Laporan tersebut diajukan ke Bareskrim Polri dengan nomor bukti lapor TBL/171/III/2017, Jumat (10/3/2017).
Dua dari tiga orang yang dilaporkan itu merupakan terdakwa dalam kasus e-KTP, mantan Direktur Pengelola Informasi Administrasi Kependudukan, Direktorat Jenderal Kependudukan dan Pencatatan Sipil Kemendagri Sugiharto, dan mantan Direktur Jenderal Kependudukan dan Pencatatan Sipil, Irman.
"Iya, termasuk dua terdakwa," ujar Marzuki, di Kantor Bareskrim Polri, Jakarta, Jumat (10/3/2017).
Satu terlapor lagi yaitu, Andi Agustinus alias Andi Narogong, pengusaha yang ditunjuk langsung untuk menjadi perusahaan pemenang lelang dalam proyek e-KTP.
(Baca: Marzuki Alie Disebut Terima Rp 20 Miliar dalam Kasus Korupsi E-KTP)
Marzuki membantah telah menerima uang dari Andi ataupun mengenalnya.
"Kenal saja enggak. Bagaimana bentuk mukanya, bagaimana sosoknya. Saya baru tahu namanya kemarin," kata Marzuki.
Marzuki mengatakan, proyek e-KTP ditangani oleh Komisi II DPR RI periode 2009-2014.
Komisi tersebut dibawahi oleh Wakil Ketua DPR.
"Jadi saya (sebagai Ketua DPR) enggak membawahi komisi sama sekali," kata Marzuki.
Ia juga mengaku tak mengenal kedua terdakwa.
Selama penyidikan KPK, Marzuki mengaku tak pernah ada panggilan untuk pemeriksaan.

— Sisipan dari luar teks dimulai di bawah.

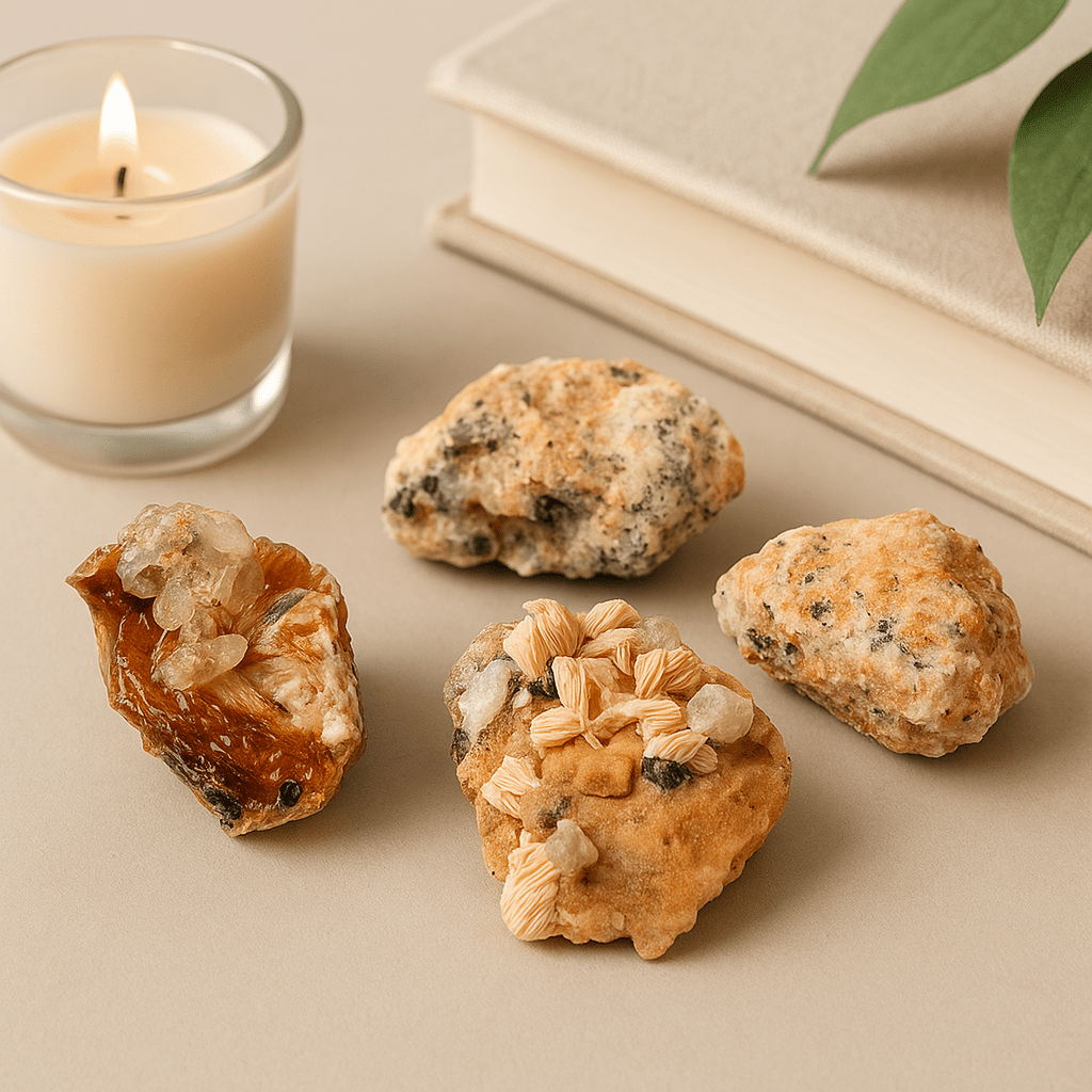 - 🧭 Grounded symbolism: Barite for clarity; sericite for gentle balance—associations held in many practices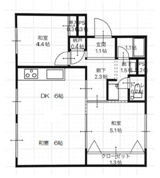 | 専有面積 | 51.7㎡(壁芯) | 建物構造 | 鉄筋コンクリート(RC) |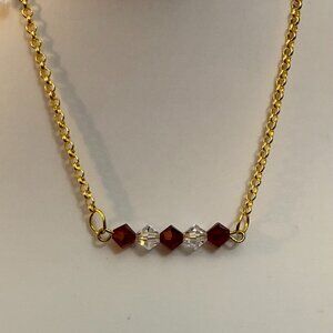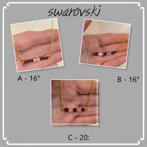925 Gold plated 20" chain, 1 1/2" Swarovski crystal bar with a lobster clasp.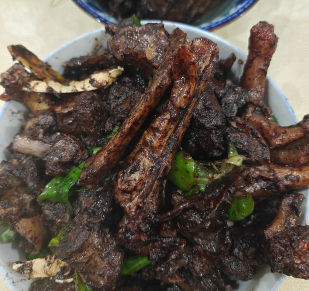 临出锅前的步骤,充满了家常的智慧与仪式感。将准备好的鸭血均匀淋入锅中,快速翻炒,让每一块鸭肉都瞬间裹上一层酱紫色的外衣。高温使得鸭血迅速凝附,并非为了制造粘稠的口感,而是巧妙地锁住了鸭肉内部的汁水与所有调味料的精华。最后撒上一把翠绿的蒜叶,香气便有了生动的层次。成品的血鸭,色泽深沉油亮,鸭肉紧实而有嚼劲,入口是霸道的鲜辣,随即是醇厚的肉香与淡淡的血香在口中回荡,辣而不燥,香而不腻,透着一种粗犷而真实的满足感。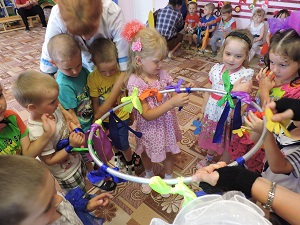6 октября в нашем детском саду состоялось шоу гигантских мыльных пузырей. Дети были в восторге. Представление получилось интригующим и волшебным.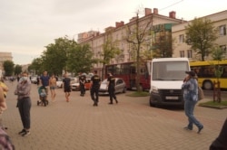 На скрыжаваньні вуліц Леніна і Замкавай перакрылі дарогу. Людзі ідуць уверх да плошчы Перамогі.
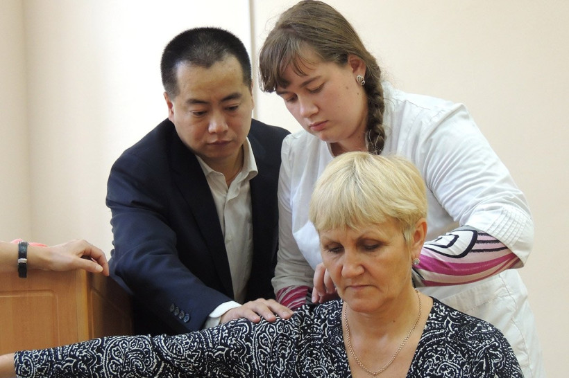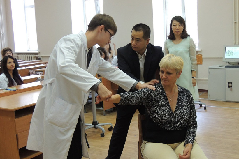 Кроме будущих медиков, за партами в надежде получить новые экзотические знания парами сидели как молодые, так и совсем взрослые амурчане. Все сомнения развеялись сразу после звонка, когда в кабинет вошла китайская переводчица, а чуть позже и сам гость — специалист по традиционному китайскому массажу и иглоукалыванию Шу Чжань.

"Saya tidak pernah dipanggil KPK, dan saya pastikan itu tidak benar," kata Marzuki.
Marzuki melaporkan ketiga orang itu atas dugaan melanggar Pasal 310 KUHP tentang Pencemaran Nama Baik, dan Pasal 311 KUHP tentang Fitnah.

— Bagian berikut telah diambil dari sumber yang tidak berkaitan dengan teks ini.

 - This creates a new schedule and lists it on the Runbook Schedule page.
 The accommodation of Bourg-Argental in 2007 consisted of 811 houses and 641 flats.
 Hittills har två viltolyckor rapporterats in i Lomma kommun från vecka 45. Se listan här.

(Baca: Tak Terima Disebut Terlibat Korupsi E-KTP, Marzuki Alie Lapor Polisi)
Selain itu, ia juga melaporkan dengan Undang-undang Informasi dan Transaksi Elektronik Pasal 27 ayat 3 juncto Pasal 45 ayat 1.
Dalam surat dakwaan disebutkan, Andi menyampaikan kepada Sugiharto bahwa untuk kepentingan penganggaran di DPR, ia akan memberikan uang sebesar Rp 520 miliar kepada beberapa pihak.
Salah satunya kepada Marzuki sebesar Rp 20 miliar.
Dalam kasus ini, Sugiharto dan Irman didakwa merugikan negara sebesar Rp 2,314 triliun.
Menurut jaksa, kedua terdakwa diduga terlibat dalam pemberian suap terkait proses penganggaran proyek e-KTP di DPR RI, untuk tahun anggaran 2011-2013.
Selain itu, keduanya terlibat dalam mengarahkan dan memenangkan perusahaan tertentu untuk menjadi pelaksana proyek pengadaan e-KTP.
Proyek e-KTP dimenangkan konsorsium Perusahaan Umum Percetakan Negara Republik Indonesia (Perum PNRI).
Konsorsium itu terdiri atas Perum PNRI, PT Superintending Company of Indonesia (Sucofindo persero), PT LEN Industri (persero), PT Quadra Solution, dan PT Sandipala Arthaputra. Nilai proyek multiyears pengadaan e-KTP lebih dari Rp 6 triliun.
Namun, hanya 51 persen anggaran yang digunakan untuk proyek e-KTP.
Sementara sisanya dibagikan untuk anggota DPR, pejabat Kementerian Dalam Negeri, hingga perusahaan.